Inspirações do bairro educador para um estado educador

O Programa de Educação Integral do Estado da Bahia (ProEI) foi instituído em 2014 e, de acordo com Cataria Cerqueira (que foi coordenadora da Educação Integral da Secretaria da Educação da Bahia), teve a contribuição direta do Bairro-Escola Rio Vermelho. “A concepção de educação coaduna muito com a referida no Bairro-Escola, de pensar a formação humana integral dos sujeitos, de pensar o tempo de forma qualificada e de redimensionar os espaços. O BERV contribuiu muito para a gente pensar em um estado educador”.

Catarina explica que as ações pedagógicas ganharam novos contextos, unindo esporte, arte, trabalho, ciência e cultura. Os estudantes têm aulas de iniciação científica e pesquisa; cidadania e participação estudantil, além de relações étnico-raciais, culturais e de identidade; educação ambiental; comunicação digital e uso de mídias.

Segundo a gestora, a inspiração do ProEI veio de uma demanda das próprias escolas. Ela conta que a rede tem contextos bastante heterogêneos, com escolas em bairros de vulnerabilidade social, outras mais ligadas à educação do campo, além de escolas em assentamentos. Comparando a experiência do Rio Vermelho com a de outras escolas do estado, Catarina destaca a relevância de ter uma articulação mais forte com o bairro.

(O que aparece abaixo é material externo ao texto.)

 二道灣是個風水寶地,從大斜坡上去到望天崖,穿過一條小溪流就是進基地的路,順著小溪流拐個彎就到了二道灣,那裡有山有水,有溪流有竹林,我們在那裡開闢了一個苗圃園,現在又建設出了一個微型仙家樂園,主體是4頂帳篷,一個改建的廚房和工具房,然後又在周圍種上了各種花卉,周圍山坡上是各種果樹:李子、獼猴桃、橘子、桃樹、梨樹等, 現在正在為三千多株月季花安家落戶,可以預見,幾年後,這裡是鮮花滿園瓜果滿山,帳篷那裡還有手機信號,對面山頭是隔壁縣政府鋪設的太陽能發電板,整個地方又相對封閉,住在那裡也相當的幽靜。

“Há outros lugares onde essa interlocução tem acontecido de forma independente. A Escola Luiz Macedo, em Cajazeiras, por exemplo, tem uma parceria muito forte com a comunidade do entorno; o Colégio Ipiranga tem um alicerce bem bacana com o bairro Dois de Julho; temos o Severino Vieira, em Nazaré, que faz parcerias com instituições ligadas à arte e cultura, como os museus do Centro da Cidade”. Os perfis são diversos e, para Catarina, eles continuarão em processo contínuo de mudança, uma característica das próprias escolas.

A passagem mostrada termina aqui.